┌──
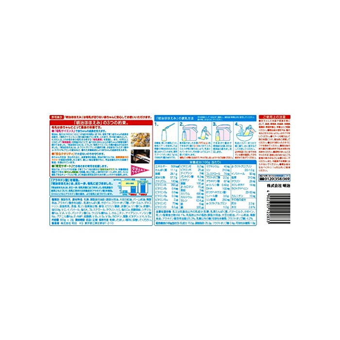 원재료:유당,조정 식용유지(돈지분별유,대두 백교유,팜핵유,정제어유,a la《기돈》산 함유 유지)고, 유청단백질,(Kasein)카세인,Fructooligo당,버터 밀크,덱스트린,탈지분유,식염,유(phospholipid)인지질 추출물,효모,《피로린》산철,탄산Ca,인산Ca,탄산K,염화Mg,V.C,이노시톨,염화K,콜레스테롤,타우린,V.E,염화Ca,유산 아연,시틸딜산Na,V.A,V.D,판토텐산Ca,유리딜산Na,L-카르니틴,나이아신,inosinic산Na,《구아니루》산Na,5''-AMP,유산동,V.B1,V.B2,V.B6,카로텐,엽산,V.K,V.B12
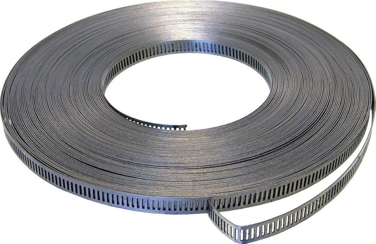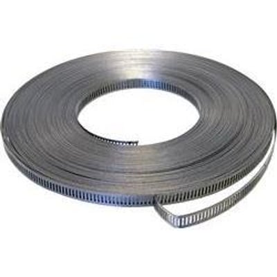Fleksibelt syrefast slangeklemmebånd på 3 meter med en båndbredde på 8 mm og 8 låser, ideelt for service- og vedlikeholdsoppgaver hvor du selv kan montere klemmene.
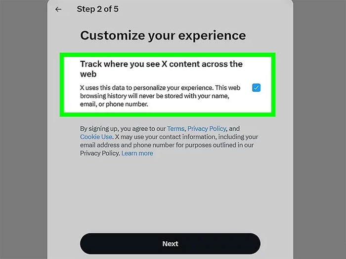 Bước 6: Chọn hoặc bỏ chọn việc cho phép theo dõi người dùng, rồi nhấp Next. X sử dụng dữ liệu này để cá nhân hóa trải nghiệm của bạn.
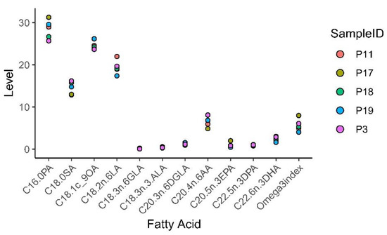 2.10. Fatty Acid Profiling and Omega-3 Index in Blood
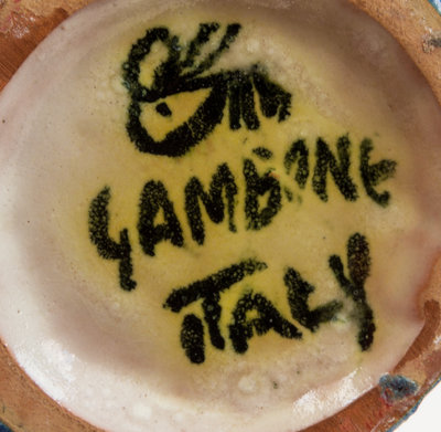 each of tapering form, worked to show horizontal bands of repeating decoration in blue and brown glazes, with Gambone Italy signature and donkey glyph to the underside.
└──
-- What to do --
Excluding every picture, set down the listing exactly.

-- Finished task --
 원재료:유당,조정 식용유지(돈지분별유,대두 백교유,팜핵유,정제어유,a la《기돈》산 함유 유지)고, 유청단백질,(Kasein)카세인,Fructooligo당,버터 밀크,덱스트린,탈지분유,식염,유(phospholipid)인지질 추출물,효모,《피로린》산철,탄산Ca,인산Ca,탄산K,염화Mg,V.C,이노시톨,염화K,콜레스테롤,타우린,V.E,염화Ca,유산 아연,시틸딜산Na,V.A,V.D,판토텐산Ca,유리딜산Na,L-카르니틴,나이아신,inosinic산Na,《구아니루》산Na,5''-AMP,유산동,V.B1,V.B2,V.B6,카로텐,엽산,V.K,V.B12
Fleksibelt syrefast slangeklemmebånd på 3 meter med en båndbredde på 8 mm og 8 låser, ideelt for service- og vedlikeholdsoppgaver hvor du selv kan montere klemmene.
 Bước 6: Chọn hoặc bỏ chọn việc cho phép theo dõi người dùng, rồi nhấp Next. X sử dụng dữ liệu này để cá nhân hóa trải nghiệm của bạn.
 2.10. Fatty Acid Profiling and Omega-3 Index in Blood
 each of tapering form, worked to show horizontal bands of repeating decoration in blue and brown glazes, with Gambone Italy signature and donkey glyph to the underside.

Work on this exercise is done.